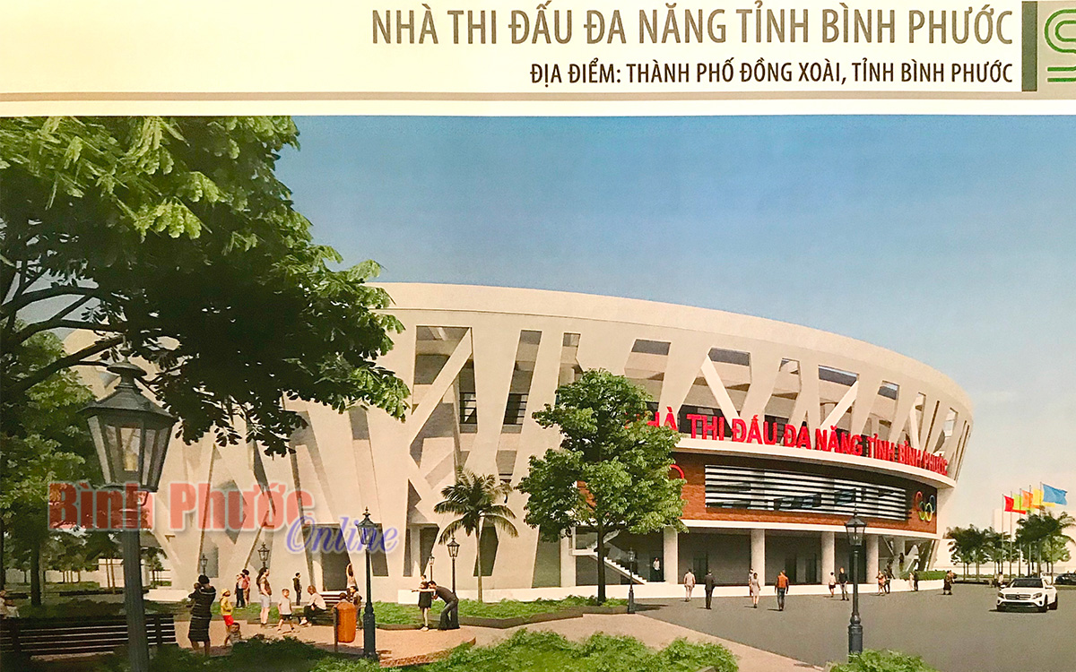 Phối cảnh (mặt trước) Công trình Nhà thi đấu đa năng tỉnh Bình Phước
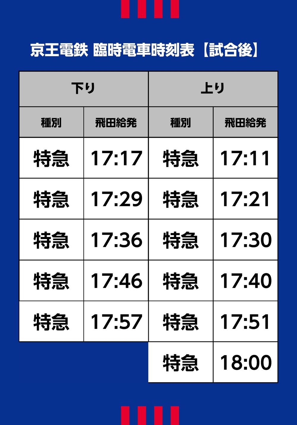 Abfahrt ab Tobitakyu Richtung Abwärts: 17:17–17:57, 5 Expresszüge
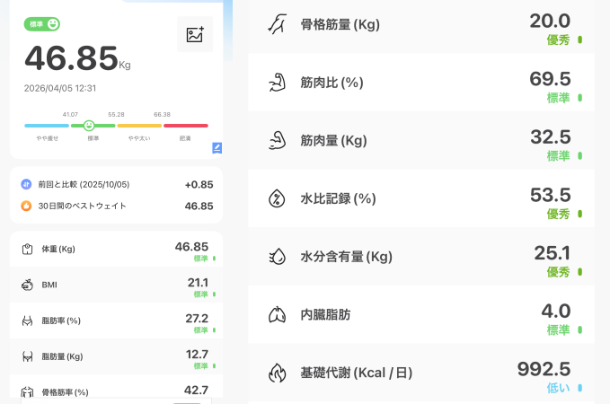 で、体重なんですが…46.85kgでした。冬の間、暴飲暴食して筋トレもモチベ落ちてたので2kgぐらいリバウンドしたんじゃないかと思っていたら、1kgも増えてなかった…ただ筋力は少し落ちているので今後は筋肉を増やして脂肪を減らすのを目標にしたい。

# TASK REQUIREMENTS
Produce an exact copy of every line above, with the images left out.

# RESULT BELOW
 Phối cảnh (mặt trước) Công trình Nhà thi đấu đa năng tỉnh Bình Phước
 Abfahrt ab Tobitakyu Richtung Abwärts: 17:17–17:57, 5 Expresszüge
 で、体重なんですが…46.85kgでした。冬の間、暴飲暴食して筋トレもモチベ落ちてたので2kgぐらいリバウンドしたんじゃないかと思っていたら、1kgも増えてなかった…ただ筋力は少し落ちているので今後は筋肉を増やして脂肪を減らすのを目標にしたい。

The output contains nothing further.